Ob Peltzer diesen Umbruch der türkischen Gesellschaft wirklich sinnlich erfahren könnte, wenn er einmal Tarabya-Stipendiat am Bosporus wäre, steht dahin. Denn die Akademie könnte schnell ein luxuriöses Ghetto werden. Denn sie ist rund 18 Kilometer vom Stadtzentrum entfernt, mithin von Stadtteilen wie Beyoglu oder Cihangir, in denen diese Brüche und Verdichtungen mit den Händen zu greifen sind, von der Peltzer spricht. Hier wohnen auch die meisten Künstler und Intellektuellen. Eine glücklichere Hand bewies das Land Nordrhein-Westfalen bei der Auswahl seiner Künstlerresidenz. Das von der Stiftung Kunst und Kultur betriebene „Atelier Galata“ liegt direkt am historischen Galata-Turm, unweit vom Goldenen Horn – mitten in der brodelnden urbanen Szene der 15-Millionen-Metropole.

Merkels Meilenstein

Folgt Außenminister Steinmeier mit dem Projekt noch dem protürkischen Kurs seines einstigen Chefs Gerhard Schröder, verwundert das Interesse der türkeiskeptischen CDU auf den ersten Blick. Freilich liegt die Vermutung nahe, dass sie den türkischen Unmut über die Formel von der „Privilegierten Partnerschaft“ mit einem sichtbaren Zeichen der Zusammenarbeit kompensieren will. 2010 soll die Villa eingeweiht werden. Im selben Jahr ist Istanbul (zusammen mit Essen und Pecs) „Kulturhauptstadt Europas“. Wenn Angela Merkel als wiedergewählte Kanzlerin an den Bosporus reist, will sie nicht mit leeren Händen dastehen.
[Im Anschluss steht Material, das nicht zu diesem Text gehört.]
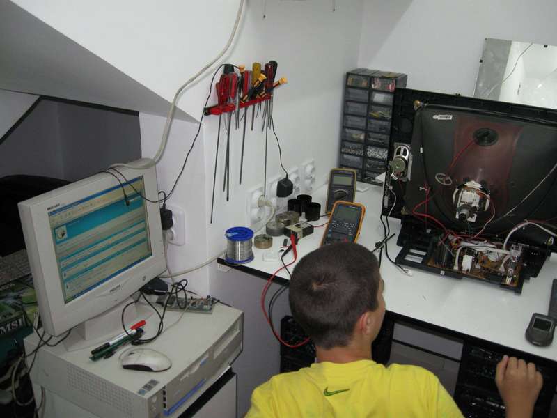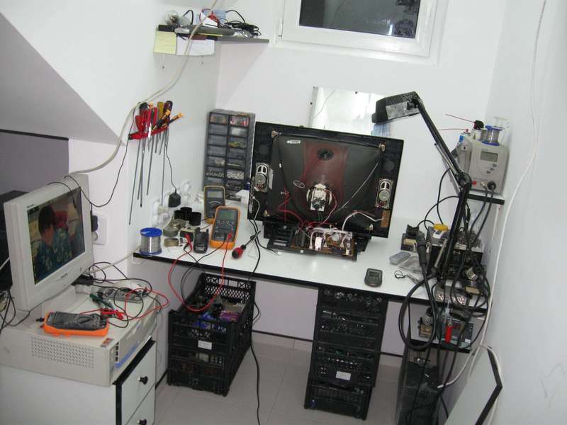 To je glavni sto za popravku televizora. Tu se najviše radi.

Der Regierungschefin rutschen bei dem Projekt aufschlussreiche Untertöne heraus. Als sie kürzlich bei der Ausstellung der Arbeit der Massimo-Stipendiaten im Berliner Gropius-Bau davon sprach, dass die „deutsche Kultur nicht denkbar ohne europäische Einflüsse“ sei, und die künftige Villa am Bosporus euphorisch zu einem „Meilenstein“ stilisierte, konnte man den Eindruck gewinnen: Offenbar zählt Angela Merkel die Türkei doch zu Europa.